I'm exploring an opportunity to move within my company (technical services consultancy) from Sydney to Kuala Lumpur. I'm married with two young daughters under five and have a relatively hefty mortgage here in Aus. 
If we are to make the move, I would be on a similar salary (150k $AUD) and would like to rent out the house in Aus. I was wondering if other members could share their experiences with making a similar move. In particular:
-Was it hard to find a quality standard of housing? If not, was the cost of this housing (rent or buy) expensive from a western perspective?
-Since my girls don't speak Malay or Chinese, they would have to go to the international schools. Are these hard to get into? Egregiously expensive?
- I know the cost of living is relatively cheap, but is this the same story for an expat professional?
- Experiences with procuring and having a nanny?
- My wife has Coeliac's and can't have any gluten. Any idea about the gluten free consciousness in Malaysia?

All in all, we think this is a good opportunity, but have reservations, particularly when it comes to our kids. I imagine Malaysia is a safer country than Aus, but am worried about the quality of education they will receive in their formative years. 
Anyway, any advice or relation of your experiences would be much appreciated.

Thanks,
SB Local


----------



## Annwalt

Hi, in reply to a few of your queries, 

Yes there is a pretty good selection of Gluten free foods in the supermarkets. 

Housing, now, there are quite a few good areas for expat living, it all depends on your requirements... for instance, at Desa Park City there is great, safe and reasonable price housing and an International School right there.

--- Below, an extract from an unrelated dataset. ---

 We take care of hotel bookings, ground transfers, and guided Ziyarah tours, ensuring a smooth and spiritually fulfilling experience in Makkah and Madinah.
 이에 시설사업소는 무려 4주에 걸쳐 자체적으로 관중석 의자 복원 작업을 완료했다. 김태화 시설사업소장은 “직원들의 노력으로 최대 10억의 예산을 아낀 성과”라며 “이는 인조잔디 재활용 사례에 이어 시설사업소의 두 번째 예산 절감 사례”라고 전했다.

You would be wise to have your housing and moving costs covered by your company. 

Yes, schooling at international schools are expensive, once again it would be wise if you could get this as part of your package. I am over having school age children but do have another expat family that I am in touch with and it seems the schooling is pretty damn good. Good health insurance is a MUST as part of your package as well. You would be best to rent first and it should be in a gated/guarded community.

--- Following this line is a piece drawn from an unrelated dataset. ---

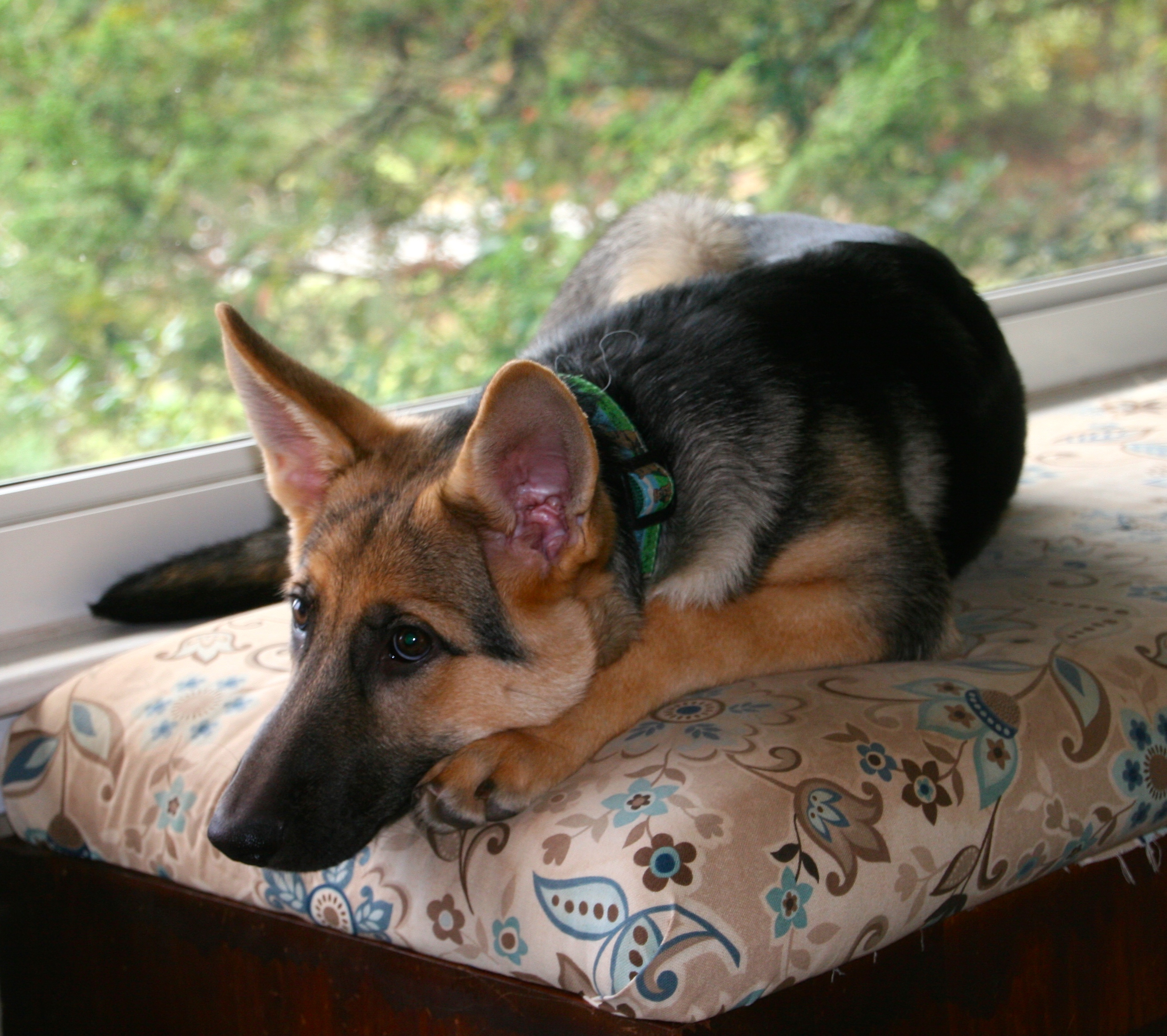 I spent a lovely day on Saturday (it already seems like a lifetime ago) with my friend and her new Seeing Eye puppy-in-training, Dottie, an adorable and energetic German Shepherd. Pictures are included below – the last one is my favorite.

PLease keep in mind that everything that you are awarded in your package is taxable. Ensure you have an experienced expat tax agent once you are here.

Safety is an issue here. Snatch and grabs, smash and grabs(smash vehicle windows and grabbing stuff from cars, even when sitting at lights) attacks in carparks etc. Extra caution at all times and you must always be alert. Safe sensible practices are the way to go. I also drive a SUV, for wife and kiddies, I would recommend this also.....tis higher up and more difficult for motorcycle riders to get into. Public transport is not something I would use bu it is up to individual choice.

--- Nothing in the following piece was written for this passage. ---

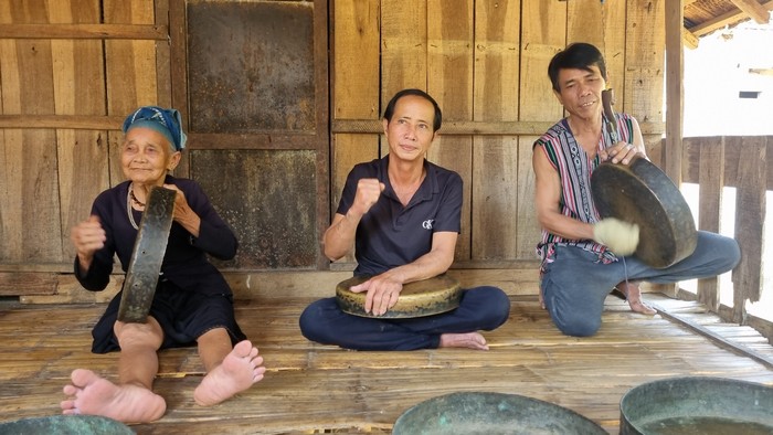 Bà Phạm Thị Sỹ dù tuổi cao nhưng vẫn đánh chiêng ba một cách dứt khoát và làm người nghe say mê

The actual cost of living is not too bad here but you will find there is times when being an expat will go against you when it comes to prices. The supermarkets of course are a little dearer due to probable import costs of the foods we like to be able to get. Eating the local foods in the local eatery places is awesome and way cheap. I drink the local water from the tap.......it is filtered twice where I am so way safe....even tastes better than Brisbane water did.

It seems there is a shortage of domestic workers but there are expat places that can guide you to the better Agencies for a nanny/maid.

I have now been here for 2 years and there are several things that drive me completely insane.........dealing with redtape and bad attitudes and slow to action in govt departments and the horrible crazy traffic. 

Hope this give you some ideas to get the ball rolling.

Good luck


----------



## mikesilvia

Hello, 
Take a look at ELC International School. The gated and guarded resort community of Valencia is just next door. Let me know if you need any furhter info. 
Best Regards
Mike Silvia


----------



## jonjovic

Good luck mate!


----------



## Har Henry

*You can now buy online for all your gluten free needs at harvess.com*

You may get a try at harvess.com to get all your daily gluten free products these website. they have product range from flours, baking mixes, pasta, pasta sauce, snacks, breakfast and cereal, etc. 

Free delivery to whole Malaysia if purchase over RM200, otherwise RM10 flat rate charge. 

Convenient and hassle free shopping experience. 

Have a nice day.

regards
Henry


----------



## aussiemover

Hello,

I am also exploring an opportunity to move from Australia to Malaysia.

I have two kids 13 and 5. I would like to get some information about the quality of international schools in KL

Are they good? Which are the good ones and which ones to avoid?

Appreciate some inputs


----------



## mikesilvia

Hello Aussiemover,
Will you be paying for the schools yourself? That can make a big difference. 
Best Regards
Mike Silvia


----------